__WHAT YOU HAVE TO DO__. Copy nothing but the lines below, from the one with "I also have" through the one with "Cardinal Love Dance", exactly as written; no pictures should appear.

__INPUT FOR THIS TASK__.
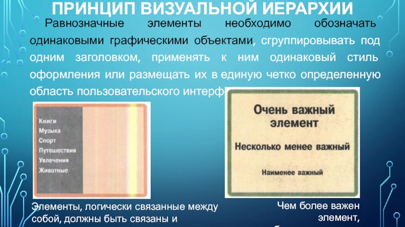 Элементы, логически связанные между собой, должны быть связаны и визуально.
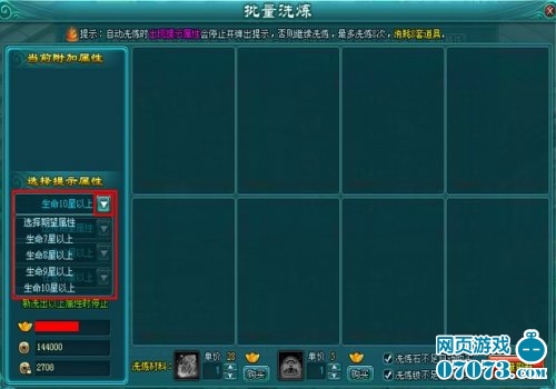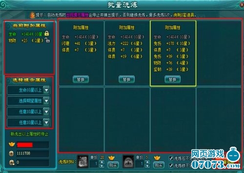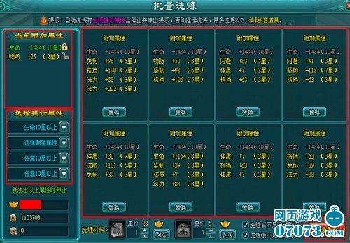 第二步:点击【批量洗练】,设置期望生命星级,和其他属性星级;
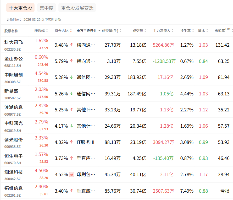 该基金由基金经理张金志管理,自其2025年6月任职以来,取得了超过52%的任职回报,展现了良好的管理能力。其重仓股名单可谓“星光熠熠”,涵盖了从AI算法(科大讯飞、金山办公)、光通信与算力硬件(中际旭创、新易盛)到服务器与数据中心(浪潮信息、中科曙光、紫光股份)等产业链各环节的龙头公司,全面覆盖了云计算与大数据产业的核心资产。
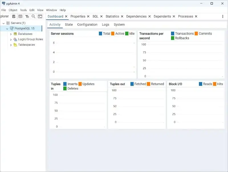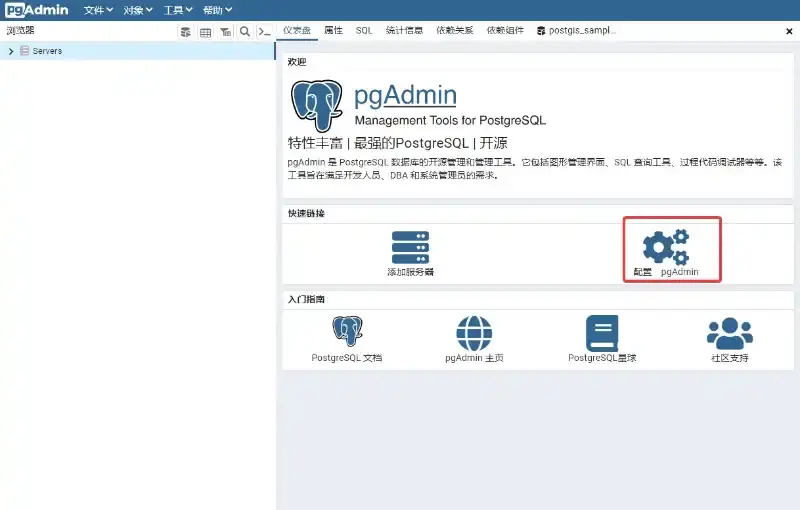 如果出現如下圖所示的界面,表明我們本機的PostgreSQL已經下載、安裝完畢,並且已經成功運行了PostgreSQL服務,且可以通過pgAdmin 4工具訪問本地的PostgreSQL數據庫了——在Windows下,PostgreSQL安裝完畢後默認自動啓動。
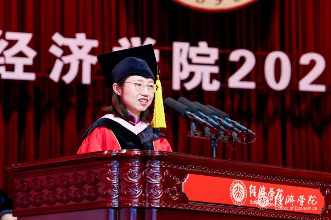 2023届本科毕业生代表金楚楚、董晨晖、梁铠彤、索朗多杰,以《出发,是为了更好地归来》为题,回忆了经院学子在燕园丰富多彩又充满无限可能的生活。
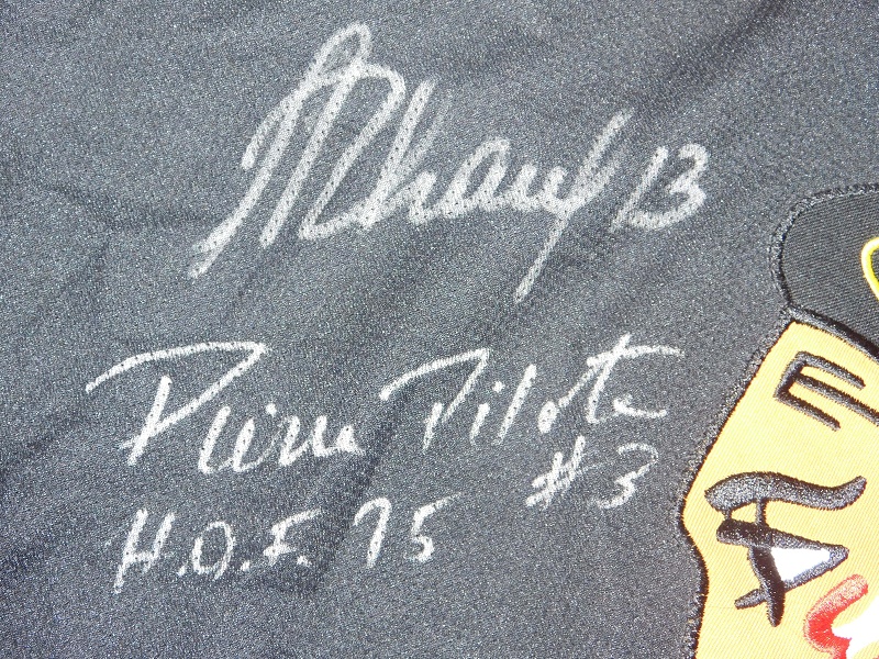 I also have a New York Rangers jersey signed by John MacLean and Pierre Pilote.
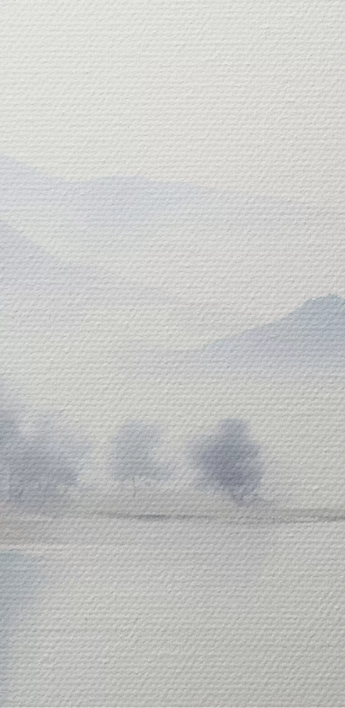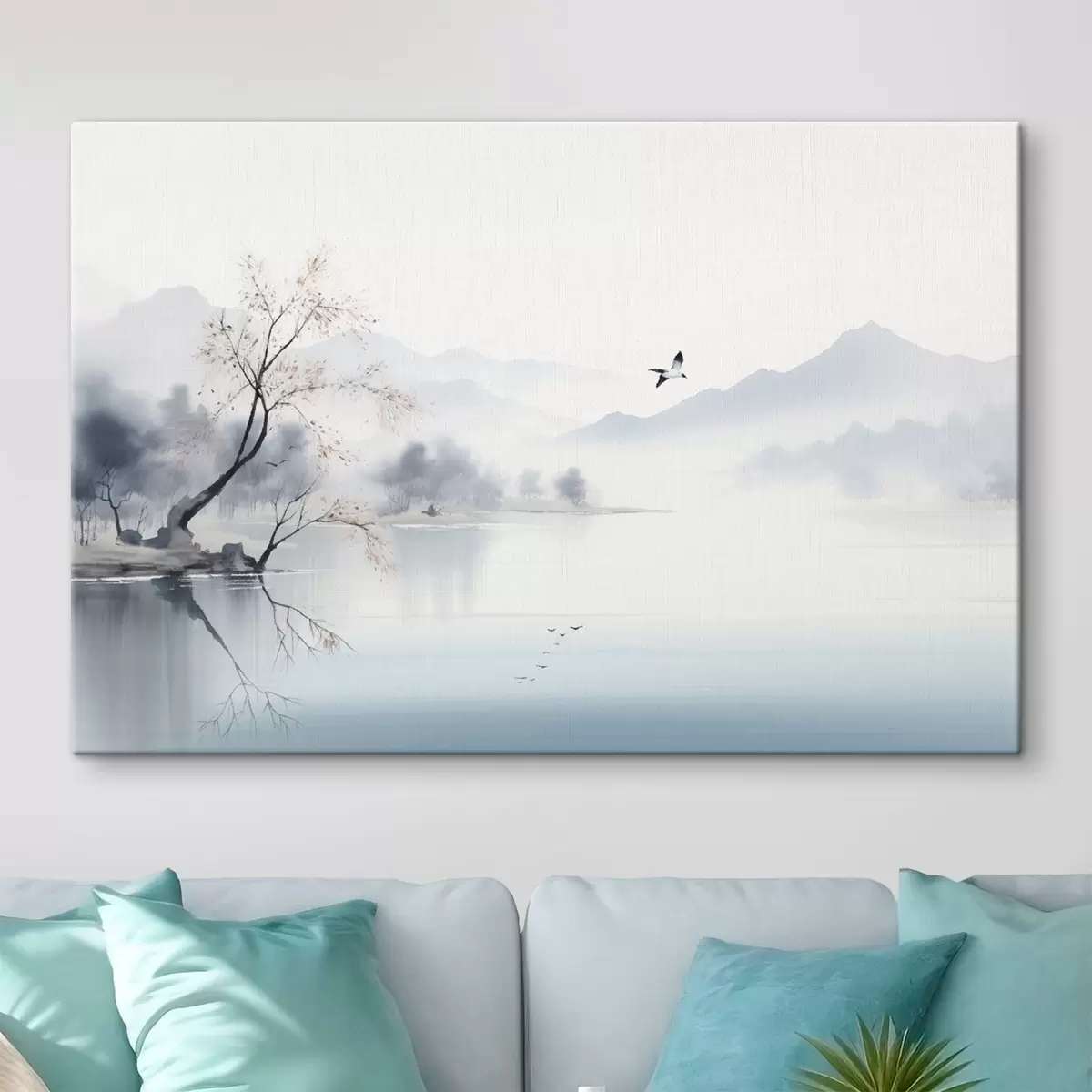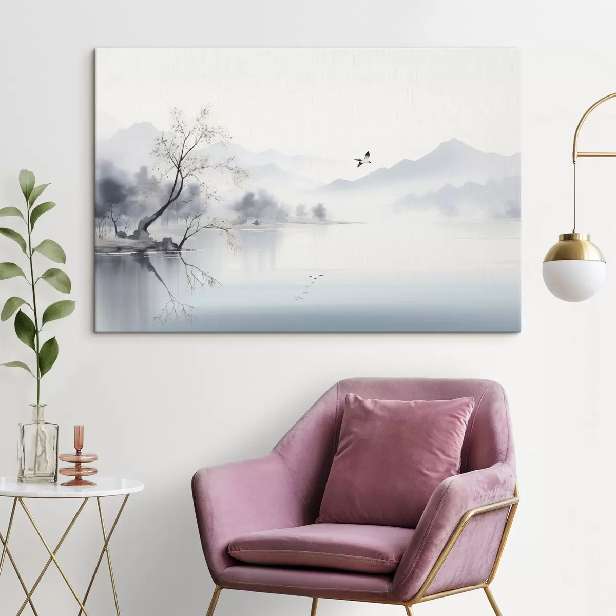 Paveikslas Miglotas kraštovaizdis su medžiu, kalnais ir paukščiais Nr s45518
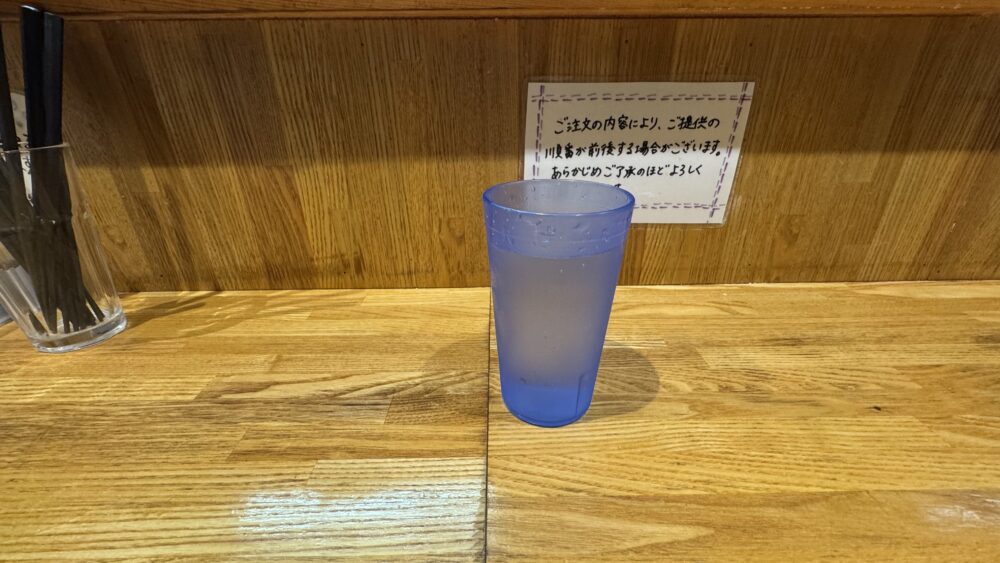あとはメニューが到着するまで水を飲んで待ちます。
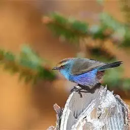 凤头雀莺:小型鸟类。体长9-10厘米,雄鸟呈毛茸茸的紫色和绛紫色,顶冠淡紫灰色,额及凤头白色,尾全蓝。…
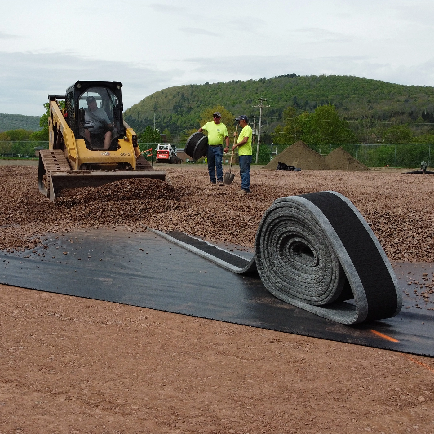 Hydraway® is made of a heavy duty, clog resistant geotextile fabric, heat fusion bonded to a rugged High-Density Polyethylene (HDPE) core for strength and support. Specifically engineered design permits high flow rates for rapid dewatering of the turf area while effectively preventing passage of soil particles.
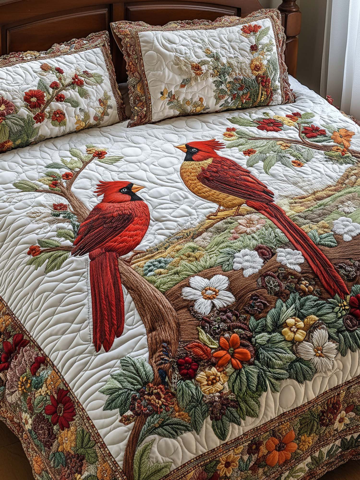 Cardinal Love Dance 3- Piece Quilted Bedding Set
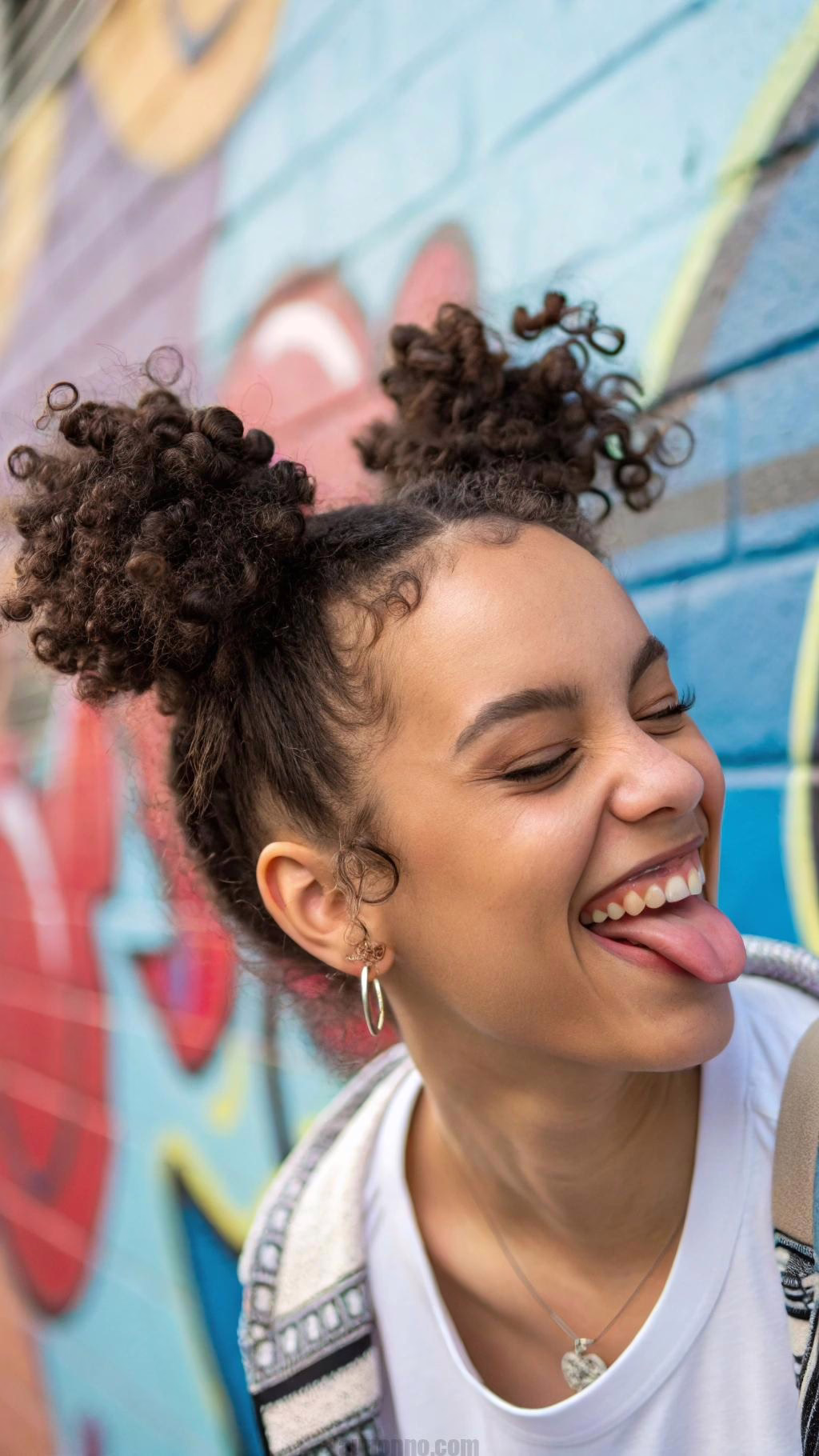 Playful yet put-together space buns. Part hair down the middle. Create two high ponytails and twist into buns.
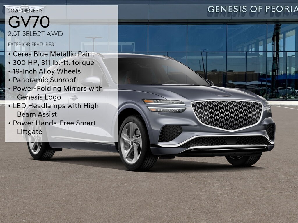 Boasts 28 Highway MPG and 20 City MPG! This Genesis GV70 delivers a Intercooled Turbo Premium Unleaded I-4 2.5 L/152 engine powering this Automatic transmission. Steel Spare Wheel, Lip Spoiler, LED Brakelights.
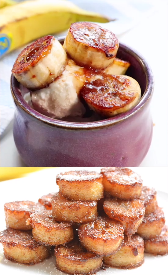 These pan fried cinnamon bananas are so easy to make and taste SO GOOD! They’re amazing (seriously AMAZING) on ice cream or pancakes, or just as a snack. Soft and sweet on the inside and caramelized on the outside. Mmmm… #foodrecipes
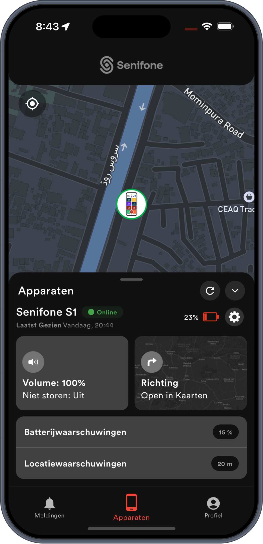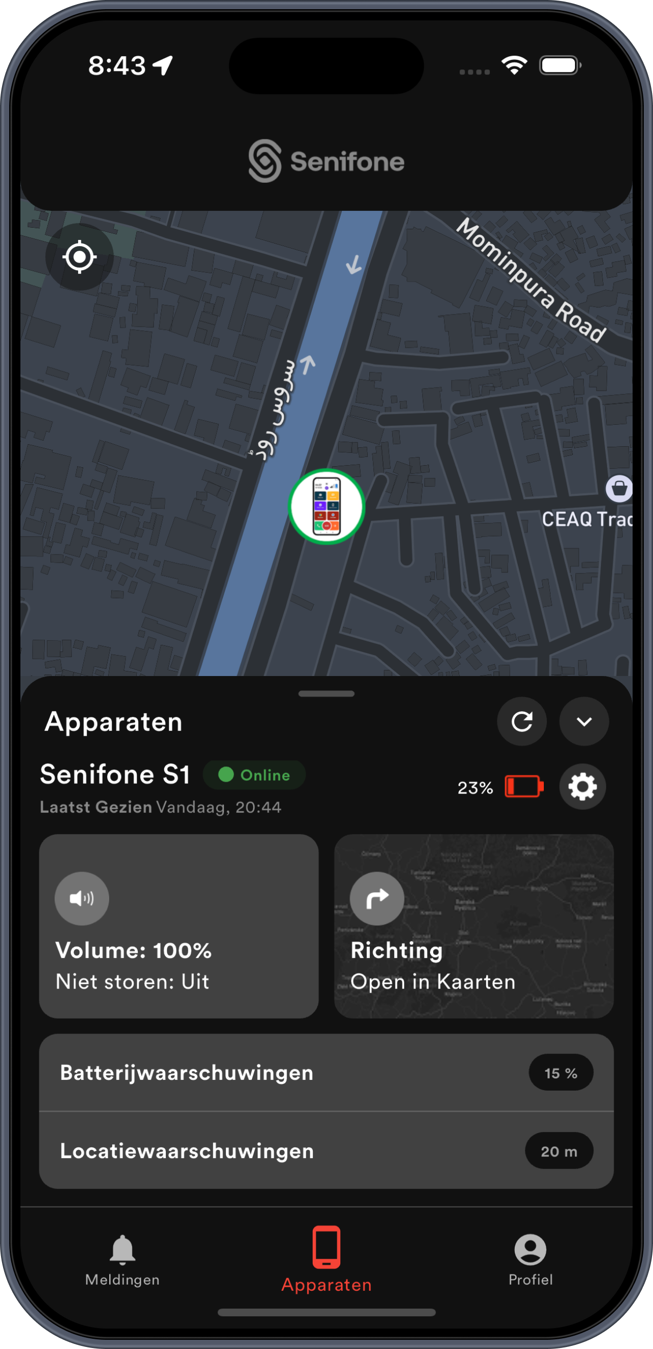 Koppeln Sie die Companion App mit Senifone und erhalten Sie Echtzeit-Tracking, Benachrichtigungen und Safe-Zone-Hinweise.
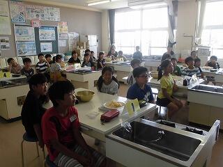 カルビースナックスクールが4年生を対象に行われました。毎日のおやつは、200㎉、ポテトチップス35グラムが目安だそうです。夕飯の2時間前までに食べるのがベストのようです。4年生は、問題を出されるとしっかり考えて元気よく答えていました。
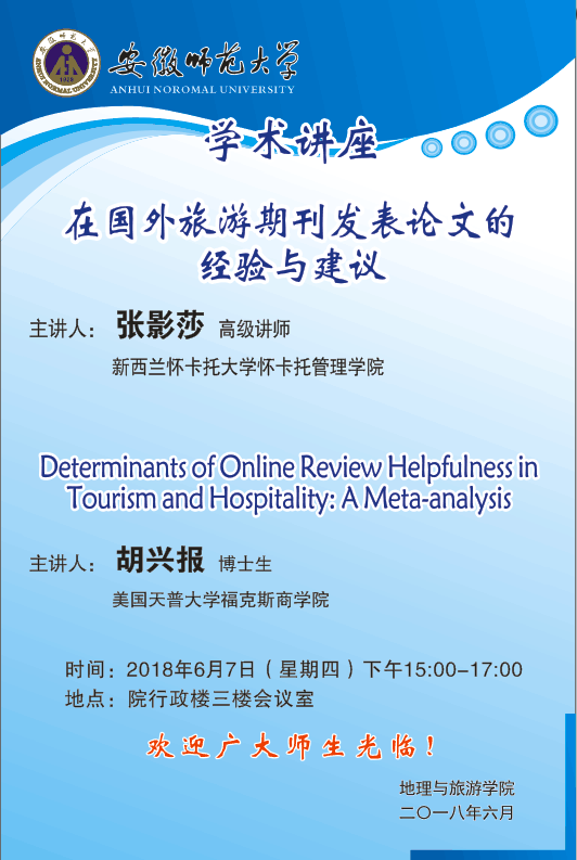 学术报告:在国外旅游期刊发表论文的经验与建议等

__TASK ANSWER__.
 I also have a New York Rangers jersey signed by John MacLean and Pierre Pilote.
 Paveikslas Miglotas kraštovaizdis su medžiu, kalnais ir paukščiais Nr s45518
あとはメニューが到着するまで水を飲んで待ちます。
 凤头雀莺:小型鸟类。体长9-10厘米,雄鸟呈毛茸茸的紫色和绛紫色,顶冠淡紫灰色,额及凤头白色,尾全蓝。…
 Hydraway® is made of a heavy duty, clog resistant geotextile fabric, heat fusion bonded to a rugged High-Density Polyethylene (HDPE) core for strength and support. Specifically engineered design permits high flow rates for rapid dewatering of the turf area while effectively preventing passage of soil particles.
 Cardinal Love Dance 3- Piece Quilted Bedding Set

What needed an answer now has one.